The Commission for Africa was launched by the British Prime Minister Tony Blair in 2004 to come out with sustainable and far-reaching solutions to tackle Africa's grinding poverty and governance issues. On March 11th, the Commission issued a report particularly focusing on strategies to combat poverty, which it refers to as "the greatest tragedy of our time."
Professor Zabez Langely is Professor of African Studies at Howard University here in Washington. He says the Commission's report helps focus the developed world's attention on the key issues in Africa.
"I think it is a serious report and it has indicated what needs to be done in Africa within the context of good governance, what can be done in Africa to improve growth rates and to reduce poverty. As you know there are many other challenges.
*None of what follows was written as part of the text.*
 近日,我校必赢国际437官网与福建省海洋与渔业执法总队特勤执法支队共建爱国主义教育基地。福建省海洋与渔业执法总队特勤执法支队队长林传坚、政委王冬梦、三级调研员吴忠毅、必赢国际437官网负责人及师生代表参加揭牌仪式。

First of all Africa has to meet some of the Millennium development goals to 2015. From what we can see so far as Africa is concern nearly all the indicators are down in regard to the Millennium goals," he says. "We think the commission will create more ordinance and if they are to achieve sustainable development, I think that the commission for Africa report will form a good base for starting towards sustainable development making the effort towards sustainable development."
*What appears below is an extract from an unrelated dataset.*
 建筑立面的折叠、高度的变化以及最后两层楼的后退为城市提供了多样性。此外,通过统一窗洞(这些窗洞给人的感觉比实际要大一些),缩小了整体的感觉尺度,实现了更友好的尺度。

Professor of Economics George Ayete (Eye-e-tae) of American University applauds the commission's effort, but seriously doubts its benefit to Africa.
"Tony Blair wants to be seen. He wants to make the year 2005 the year for Africa and he wants to be seen to be caring about Africa and he wants to do something positive for Africa because everybody knows that Africa has been in dire economic straits for a long, long, long time," he says. "I mean that is all good, that is all noble and so forth, but there are some of us who are skeptical and cynical about this in the sense that is seems that every ten years we hear about a mega plan or some mega grand initiative to save Africa and when we hear about all these plans then two or three years later nobody hears about them again."
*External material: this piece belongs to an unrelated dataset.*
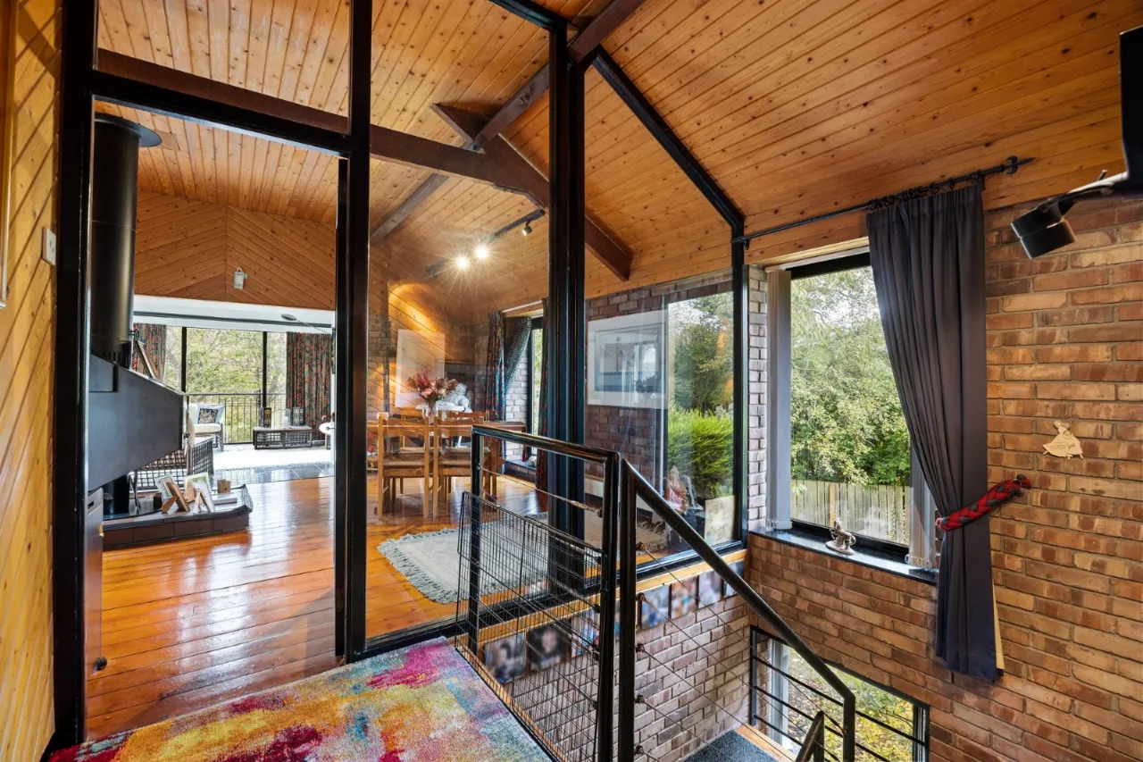 Exposed brick and wood panelled walls, wood panelled ceiling.

The Commission for Africa report notes the lack of political leadership in most African states. To that end Prime Minister Tony Blair has appointed certain African leaders such us Ethiopia's Melse Zenawei as promoters of good governance. But Professor Ayete says, by and large, leaders like Mr. Zenawei are not the sort of transformational leaders he would choose to foster good governance.
"Yes, I personally thought that the personal choice of President Melse of Ethiopia was rather poor. He?s a poor candidate to preach governance. You look at Zimbabwe for example, Zimbabwe is being been ruled by a tyrant for the past twenty years and that country is on the brink of economic disaster," he says. "The economy has collapsed and there are many, many of these other countries where corruption is rampant I mean look at Kenya for example, look at Tanzania and Nigeria is even hopeless so we have serious problems in Africa and the leadership is simply not interested in tackling these problems."
Howard University's Professor Langely agrees that corruption is a key roadblock to development in Africa, but he is quick to point out it's a problem for developed countries involved in Africa as well.
"First of all the developed countries themselves should tighten there oversight of their own company doing business in Africa. The Americans have a law for that about companies whom do corrupt activities abroad there is a law against that," he says. "So I think on both sides, the donors and the recipients, the African government themselves and the donors both I think should police their own side to avoid corruption."
Africa is blessed with abundant natural resources. Professor Ayete says if African leaders can proactively take charge of fostering good governance, they won't have to depend on outside aid.
"If these leaders get serious about reform and clean up their own houses and put their own houses in order they will find all the aid resources that they need right there in Africa they don?t have to go begging and reaching from other countries. The resources that Nigeria needs can be found in Nigeria, the resources Kenya needs can be found in Kenya," he says. "Every year Africa spends twenty billion to import food. The twenty billion is about the same amount of foreign aid Africa gets from all sources. If Africa can feed itself and back in the 1950?s and 60?s Africa was not only feeding itself, but also was exporting food," he adds. "If it can feed itself, it will be able to find the aid resources that is needs right there in Africa. Unfortunately, the leaders are simply programmed to always to be badgering the rich countries for foreign aid, badgering the rich countries for resources when the resources are right there in Africa."